Nella nostra regione, lo spazio dedicato è:

oggi 16 settembre dalle ore 17 alle ore 19 a Spoleto in via XXV Aprile, 44

 il 17 settembre dalle ore 10 alle ore 12 a Terni in via Aminale, 38

il 18 settembre  dalle ore 15 alle ore 18 a Perugia in Via Campo di Marte 8/M,

 

Sono 40 gli appuntamenti promossi da Cittadinanzattiva, e previsti in 24 città tra il 16 e il 22 settembre, in occasione della Settimana Europea della mobilità. Gli incontri saranno una occasione per avere materiale informativo (disponibile gratuitamente anche sulla homepage www.cittadinanzattiva.it), partecipare alla consultazione civica e confrontarsi con i volontari di Cittadinanzattiva sui trasporti pubblici locali: funzionamento, costi, diritti e tutele per gli utenti.

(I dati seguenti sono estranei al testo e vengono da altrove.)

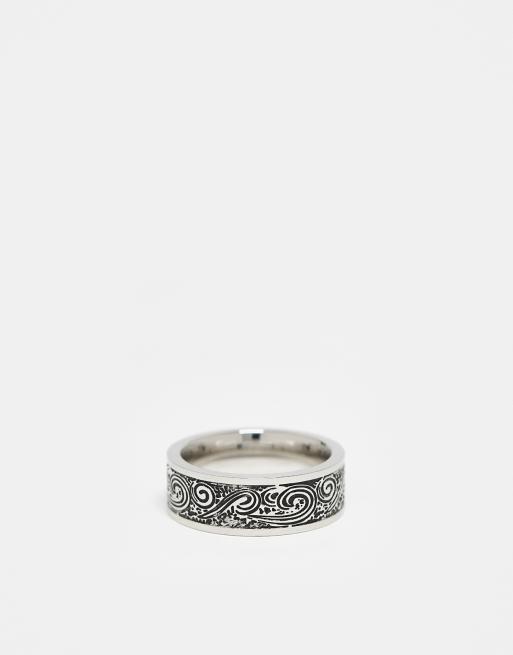 ASOS DESIGN - Ring van waterbestendig roestvrij staal met golvende textuur in zilverkleur

Il diritto dei cittadini all’erogazione di servizi pubblici locali secondo standard di qualità ed efficienza è sancito a chiare lettere nel Codice del Consumo all’art. 2 comma 2. Ma quanto di quanto sancito è realtà? Quanti cittadini ne sono a conoscenza? Cosa rimane del famoso “comma 461” che prevede il coinvolgimento delle Associazioni dei consumatori nella valutazione del servizio? E cosa può fare ciascuno di noi per dare forza ai propri diritti?

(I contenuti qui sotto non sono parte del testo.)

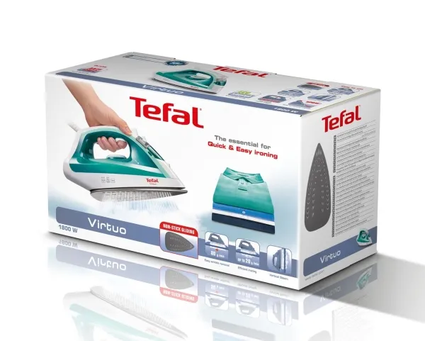 For quick ironing action with results you can count on, Virtuo puts outstanding ease-of-use within reach. This easy-to-use steam iron is equipped with 1800 W of power for quick results, with a continuous steam output of 24g/minute for efficient ironing sessions and an 80 g steam boost to tackle even the most stubborn creases. Performance is matched by convenience and ease-of-use, with a compact design, a non-stick soleplate and an ergonomic steam trigger designed to make ironing easier and more comfortable. Tefal Virtuo FV1710. Type: Steam iron, Soleplate type: Non-stick soleplate, Cord length: 1.9 m. Iron power: 1800 W

Da oggi è online un video (http://youtu.be/0VO3q2vlMbs) che in 120”, attraverso delle animazioni e dei testi di immediata comprensione, può rappresentare un punto di partenza per conoscere e usare meglio il sistema del trasporto pubblico locale.

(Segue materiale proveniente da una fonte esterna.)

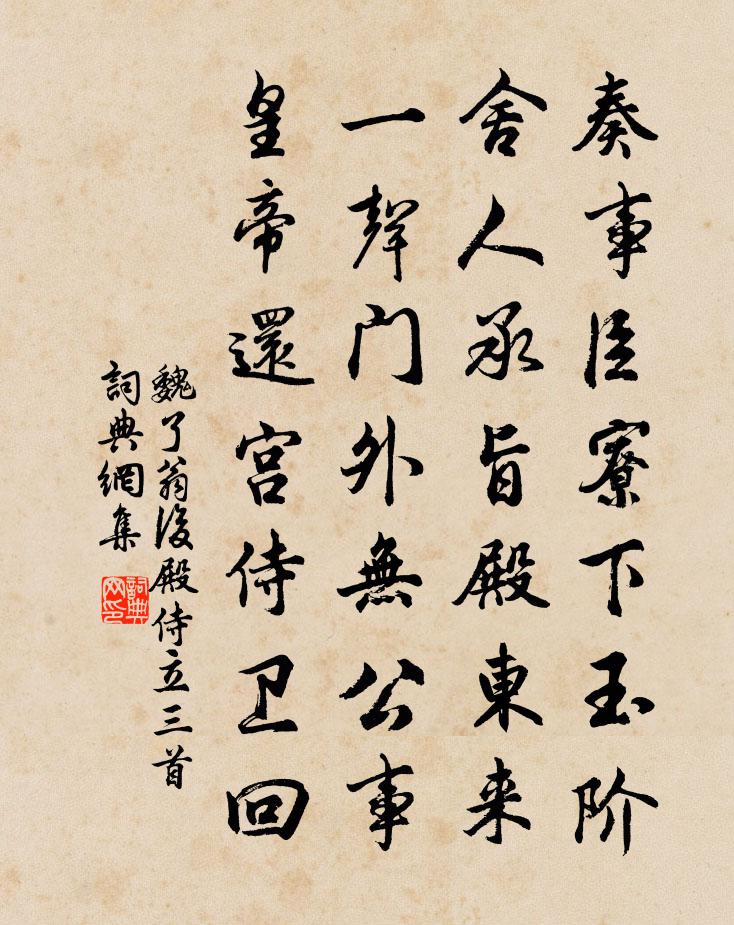 詩詞名句歷史字典書法欣賞書法字典國語詞典說文解字康熙字典古漢語字典標 題 作 者 詩 句 後殿侍立三首作者:魏了翁 朝代:宋代後殿侍立三首原文奏事臣寮下玉階,舍人承旨殿東來。一聲門外無公事,皇帝還宮侍衛回。詩詞問答問:後殿侍立三首的作者是誰?答:魏了翁問:後殿侍立三首寫於哪個朝代?答:宋代魏了翁後殿侍立三首書法欣賞後殿侍立三首書法作品詩詞推薦酬盧汀諫議姚合〔唐代〕粟如流水帛如山,依念倉邊語笑間。篇什縱橫文案少,親朋撩亂吏人閒。杯觴引滿從衣濕,牆壁書多任手頑。遙賀醉蓬萊(林鐘商)柳永〔宋代〕漸亭皋葉下,隴首雲飛,素秋新霽。華闕中天,鎖蔥蔥佳氣。嫩菊黃深,拒霜紅淺,近寶階香砌。玉宇無塵,金莖別智玄法師李商隱〔唐代〕雲鬢無端怨別離,十年移易住山期。東西南北皆垂淚,卻是楊朱真本師。織女圖薩都剌〔元代〕蘭閨織錦秦川女,大姬啞啞弄機杼。小姬織倦何所思?簾幕無人燕雙語。成都花發江水春,門前馬嘶車轔轔。髻鬟彭蠡湖中望廬山孟浩然〔唐代〕太虛生月暈,舟子知天風。掛席候明發,眇漫平湖中。中流見匡阜,勢壓九江雄。黤黕容霽色,崢嶸當曉空。香爐頌古一○一首釋子淳〔宋代〕雖然答盡深深意,爭奈投機句未親。欲曾本來無垢的,更須入水見長人。題李伯照夜白馬圖蔡肇〔宋代〕天上房星不下來,連山芻粟飽駑駘。龍姿逸駕飛騰盡,賴爾毫端力拘回。寄楊八壽州劉禹錫〔唐代〕風獵紅旗入壽春,滿城歌舞向朱輪。八公山下清淮水,千騎塵中白面人。桂嶺雨餘多鶴跡,茗園晴望似龍鱗。聖朝和吟友月夜遇風雨不見薄蝕韻衛宗武〔宋代〕麟經紀載浩歲月,天家妖祥互分別。所書薄蝕三十六,獨於黑夜泯無說。豈以為陽義所崇,可略者陰辭遂轟。曩年念奴嬌(二首催雪)朱淑真〔宋代〕冬晴無雪。是天心未肯,化工非拙。不放玉花飛墮地,留在廣寒宮闕。雲欲同時,霰將集處,紅日三竿揭。六花翦木蘭花/玉樓春莫將〔宋代〕尋梅莫背東風路。路在花前知去處。真香破鼻驀然聞,試問幽叢知幾步。多情更被無寒助。萬物枯時神物護。一枝一枝花 藥方王處一〔元代〕普勸門中友。妙藥時人有。先師親說下,與君修。一味真心,系縛休教走。柔弱為引子,低下服之,論甚食前食後入劍門戎昱〔唐代〕劍門兵革後,萬事盡堪悲。鳥鼠無巢穴,兒童話別離。山川同昔日,荊棘是今時。征戰何年定,家家有畫旗。寄行簡白居易〔唐代〕鬱郁眉多斂,默默口寡言。豈是願如此,舉目誰與歡。去春爾西征,從事巴蜀間。今春我南謫,抱疾江海壖。相去西湖二首葛紹體〔宋代〕楊柳芙蓉舊日栽,近來堂宇更安排。湖光接得全天趣,莫遣遊人鼓吹來。聰大師號無聞送廣福住院釋心月〔宋代〕來日台山大會齋,隔身句子絕安排。如今已落無聞手,雙放雙收機莫偕。遠遊杜甫〔唐代〕賤子何人記,迷芳著處家。竹風連野色,江沫擁春沙。種藥扶衰病,吟詩解嘆嗟。似聞胡騎走,失喜問京華。晚晴姜特立〔宋代〕草木肥梅雨,江山快晚晴。芳塘荷芰發,香泛葛衣輕。句辛棄疾〔宋代〕身為參禪老,家因赴詔貧。燭影搖紅(元宵)程珌〔宋代〕青旆搖風,朱簾漏月黃昏早。蓬山萬疊忽蜚來,上有千燈照。和氣祥煙繚繞。映瓊樓、五雲縹緲。青裙縞袂,亂吹名句推薦野雲萬里無城郭,雨雪紛紛連大漠。李頎《古從軍行》 彩扇紅牙今都在,恨無人、解聽開元曲。蔣捷《賀新郎·夢冷黃金屋》 去年花里逢君別,今日花開已一年。韋應物《寄李儋元錫》 何用慰相思,裁書寄關右。李益《送諸暨王主簿之任》 念去來、歲月如流,徘徊久、嘆息愁思盈。周邦彥《綺寮怨·上馬人扶殘醉》 石欄斜點筆,桐葉坐題詩杜甫《重過何氏五首》 處事要代人作想,讀書須切己用功。王永彬《圍爐夜話·第五則》 夫為將之道,必順天、因時、依人以立勝也。諸葛亮《將苑·卷一·智用》 泛樓船兮濟汾河,橫中流兮揚素波。劉徹《秋風辭》 百王之無變,足以為道貫。一廢一起,應之以貫,理貫不亂。不知貫,不知應變。荀子《荀子·天論》

I cittadini saranno inoltre chiamati a partecipare attivamente, fornendo il loro punto di vista sulle principali criticità del TPL nelle loro città attraverso un questionario, compilabile online o negli spazi presenti nelle città, il cui elenco è visionabile sulla home page www.cittadinanzattiva.it

Come risulta dalle segnalazioni delle persone che si rivolgono al PiT Servizi di Cittadinanzattiva, e come confermato anche dall’indagine conoscitiva sul tema del TPL indetta dalla Commissione Trasporti della Camera, l’offerta di trasporto pubblico in Italia non è quantitativamente carente, ma poco rispondente alle reali esigenze di mobilità dei cittadini. In una stagione di incertezza economica e scarsità di risorse pubbliche, come quella attuale, in cui il TPL ha dovuto ulteriormente affrontare una contrazione di oltre 4 punti percentuali delle compensazioni pubbliche, una delle principali fonti di ricavo delle aziende, diventa più urgente un’organizzazione efficace del servizio che non può assolutamente prescindere dal coinvolgimento e dalla partecipazione dei cittadini alla sua definizione, limitando così lo spreco nell’allocazione delle risorse sempre più scarse destinate a questo settore.

 

Nell’ultimo anno, rispetto al 2013, stando ad una elaborazione della Asstra, i biglietti a tempo hanno registrato un aumento medio del 1,9%, mentre gli abbonamenti mensili del 2,6%.

 

“Our Streets, Our Choice”, questo lo slogan scelto per l’edizione 2014 della Settimana europea della mobilità, che sottolinea il forte legame tra le scelte di mobilità dei cittadini, e quindi il traffico motorizzato e l’inquinamento atmosferico nelle aree urbane, e una migliore fruizione degli spazi urbani. Questo messaggio sottolinea, più che nelle precedenti edizioni, la grande rilevanza del contributo che può venire dalla società civile e da associazioni come Cittadinanzattiva, che svolgono una costante attività di informazione e sensibilizzazione su questi temi, impegnandosi nel rendere consapevole il cittadino delle proprie scelte di mobilità e degli effetti più o meno diretti che ne derivano.

 

L’iniziativa rientra nel quadro delle attività previste dal progetto “Consumatori in rete: diamo forza ai nostri diritti” realizzato da Cittadinanzattiva in collaborazione con Adiconsum (capofila), Associazione Utenti Dei Servizi Radiotelevisivi, CTCU e finanziato dal Ministero dello Sviluppo Economico.